How to complete this task: Please print the line that holds "21. Главная улица" and each line after it to the end of the data, word for word, without any pictures.

Collected material:
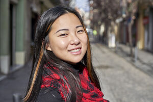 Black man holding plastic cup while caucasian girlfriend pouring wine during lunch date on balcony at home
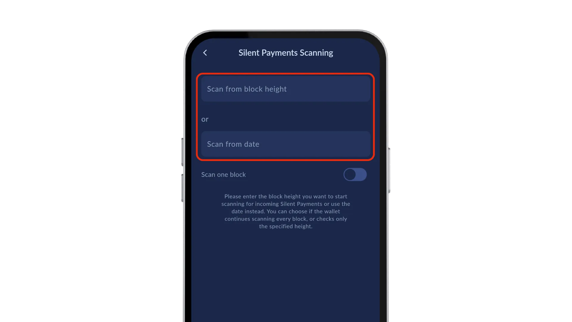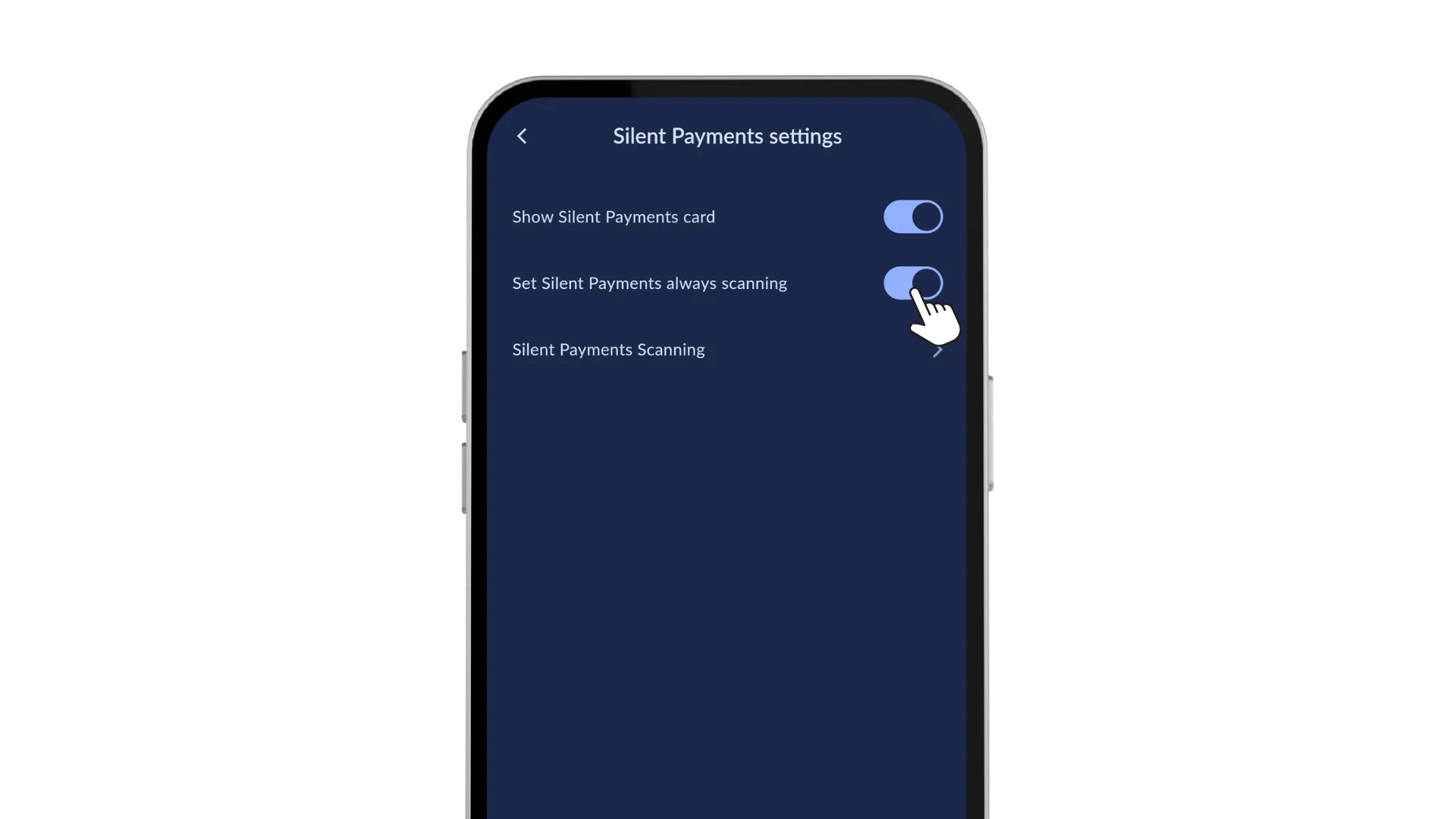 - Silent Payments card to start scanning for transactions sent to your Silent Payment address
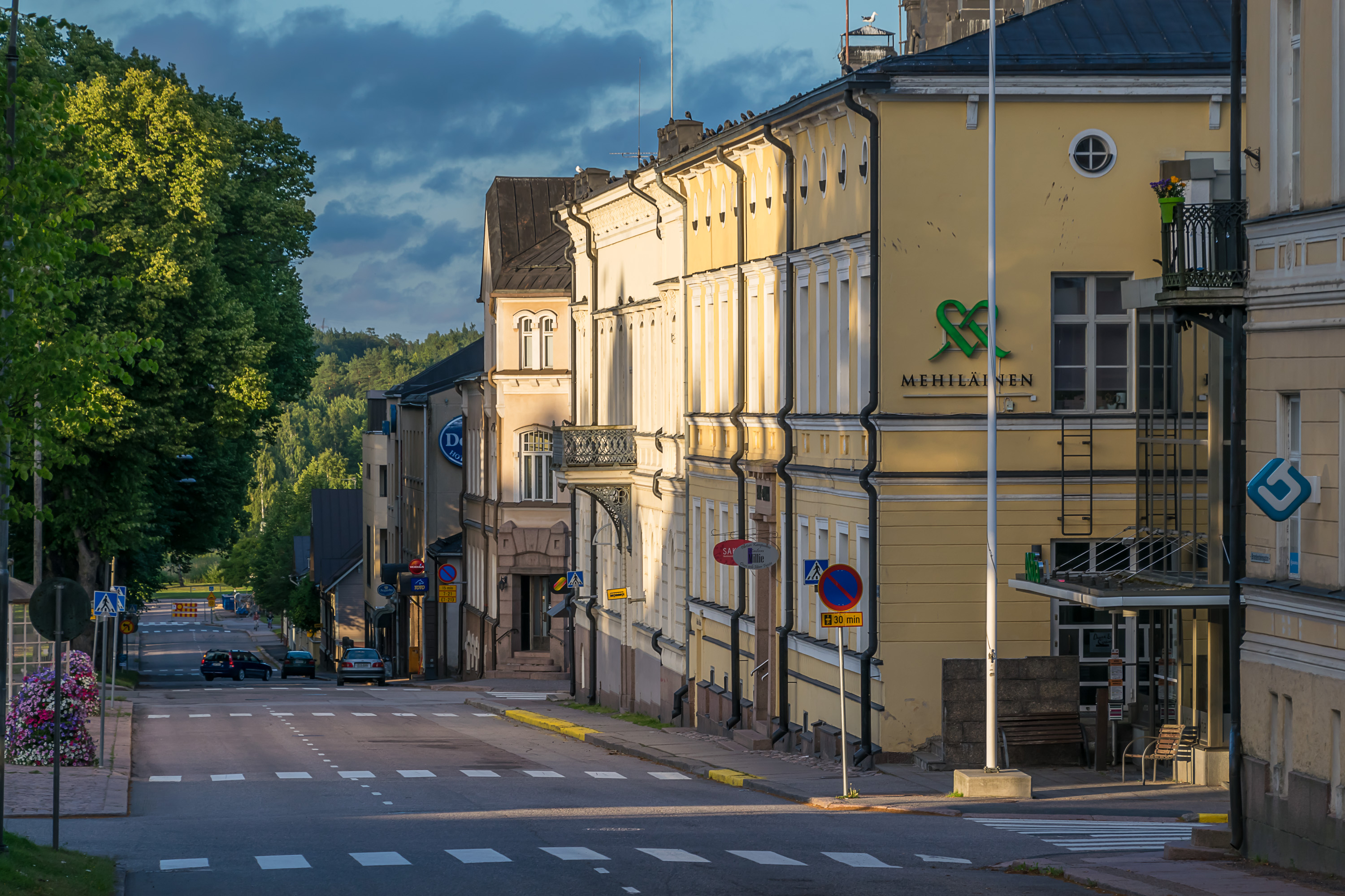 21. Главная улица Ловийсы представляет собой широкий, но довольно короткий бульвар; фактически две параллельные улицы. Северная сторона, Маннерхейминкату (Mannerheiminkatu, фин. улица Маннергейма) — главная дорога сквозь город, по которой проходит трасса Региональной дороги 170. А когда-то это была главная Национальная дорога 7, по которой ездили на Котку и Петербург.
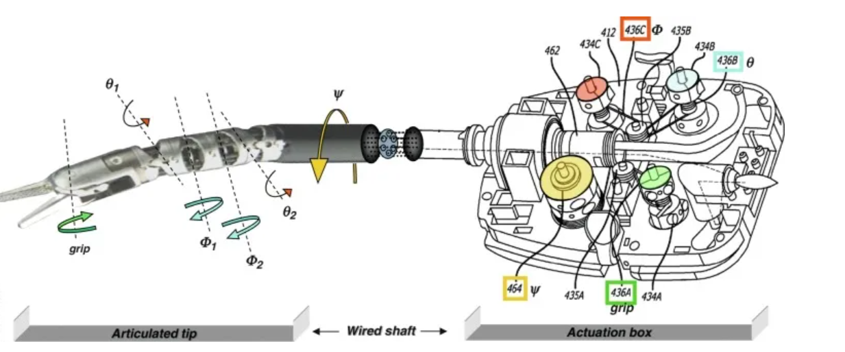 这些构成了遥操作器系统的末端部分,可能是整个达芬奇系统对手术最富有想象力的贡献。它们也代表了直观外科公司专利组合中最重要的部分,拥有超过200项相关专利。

Finished task:
 21. Главная улица Ловийсы представляет собой широкий, но довольно короткий бульвар; фактически две параллельные улицы. Северная сторона, Маннерхейминкату (Mannerheiminkatu, фин. улица Маннергейма) — главная дорога сквозь город, по которой проходит трасса Региональной дороги 170. А когда-то это была главная Национальная дорога 7, по которой ездили на Котку и Петербург.
 这些构成了遥操作器系统的末端部分,可能是整个达芬奇系统对手术最富有想象力的贡献。它们也代表了直观外科公司专利组合中最重要的部分,拥有超过200项相关专利。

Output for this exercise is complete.